Some New Yorker staffers are not as sanguine. According to Frank Modell, a New Yorker cartoonist, an attorney who was advising Shawn during the negotiations felt that Newhouse's promises to preserve the quality of the magazine lacked legal teeth. But when Shawn's lawyer presented his own proposals to protect the magazine's employees and operations, Fleischmann's attorney rejected them as unnecessary. The confidence of staff members in the agreement was further eroded when they learned that the Associated Press carried a report of the board's decision to sell the magazine before Shawn had been informed.

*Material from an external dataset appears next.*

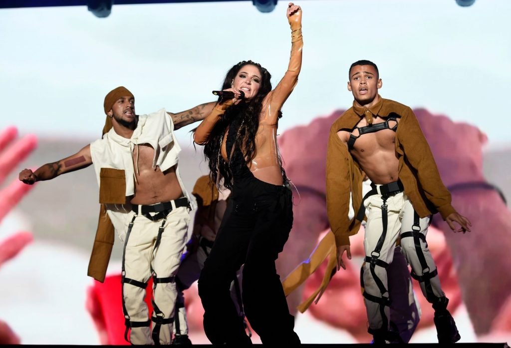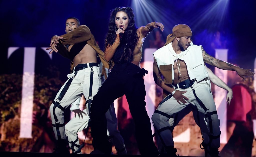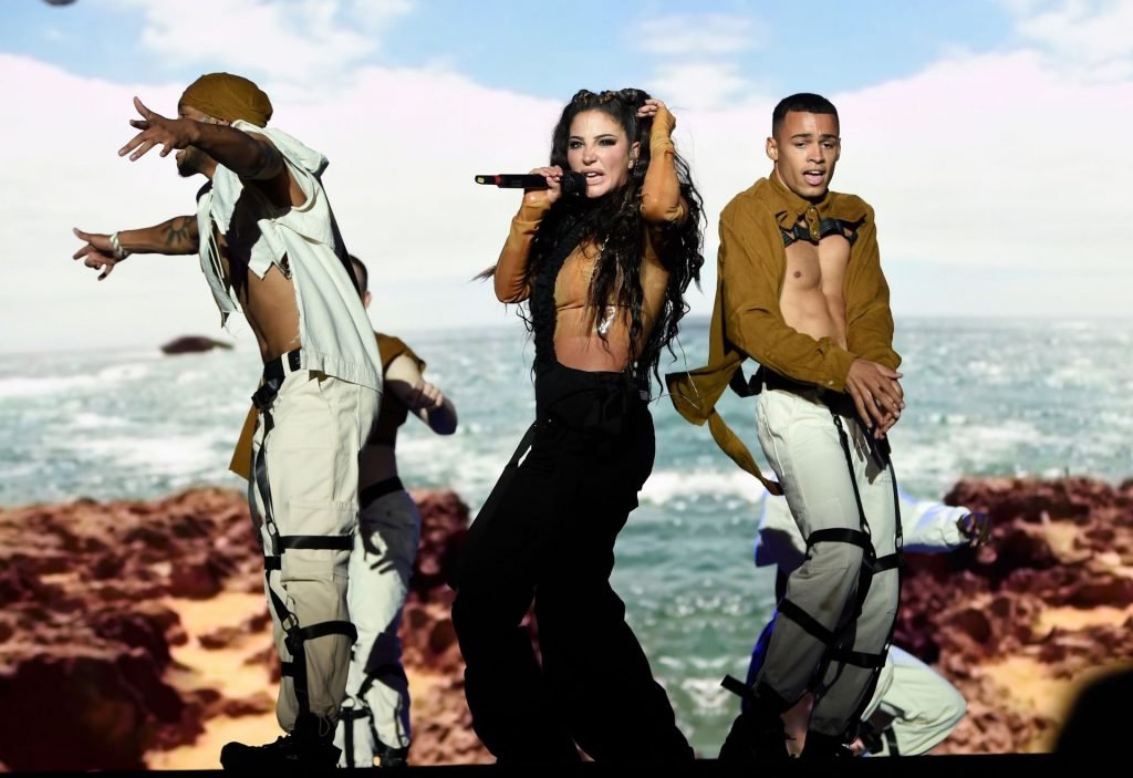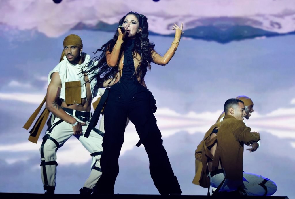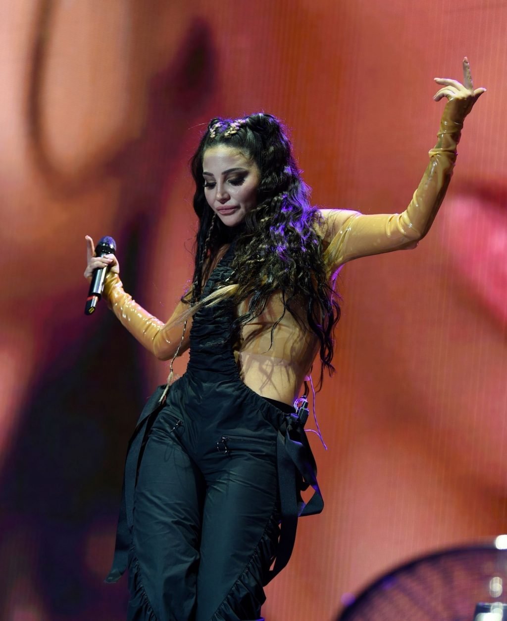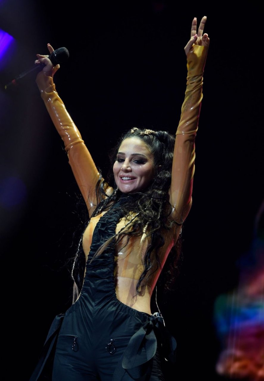 La cantante y compositora inglesa Tulisa (Tula Paulinea Contostavlos) fue fotografiada mientras actuaba en vivo en Manchester Pride, 25/08/2019.

Many of the fears reflect the natural edginess of a somewhat secluded clan that has had only two chieftains in 60 years. "The New Yorker is an odd kind of institution," says Calvin Trillin, a staff writer. "Any kind of change is bound to cause humbug." Others fear that after Newhouse assumes control, he will not honor his hands-off pledge. "Once Newhouse acquires the magazine, it's his," says a writer. "He'll do what he pleases with his possession." Some contend that even minor tinkering, like stricter accounting methods, could destroy the magazine's idiosyncratic procedures. "The New Yorker is kind of like the Venus's-flytrap," says one staffer. "It violates all kinds ! of horticultural laws. But if you go in and streamline it, you'll kill the plant."
What may best protect The New Yorker is its good health. Circulation (500,000) has held fairly steady for the past five years, and the magazine's subscribers tend to be the sort of devoted, moneyed readers that advertisers court. Ad pages were down in 1984 from the previous year, but revenues rose 3.7%, to $49.3 million, while profits increased to $5.6 million from $5.3 million the previous year. "I doubt Mr. Newhouse has bought the goose that lays whatever kind of eggs it lays to kill the goose," says Author John Updike, a New Yorker contributor.
Some long-admiring readers feel that the magazine would benefit from a fresh breeze or two riffling through its pages. New Yorker fiction is frequently obscure and small in ambition. The magazine's profiles and political commentary are too often tests of reader endurance, while its "Talk of the Town" section sometimes manages to be both dull and arch.
Then there is the matter of Shawn's successor. Shawn attempted to anoint one several years ago, but he dropped the idea. Now the matter will be in Newhouse's hands. It seems plain that a succession of some kind will have to be devised, even though Shawn has displayed no desire to depart 43rd Street. How Newhouse handles Shawn, still very much a revered figure in the halls of The New Yorker, will go a long way toward determining how the New Yorker family feels about the new proprietor.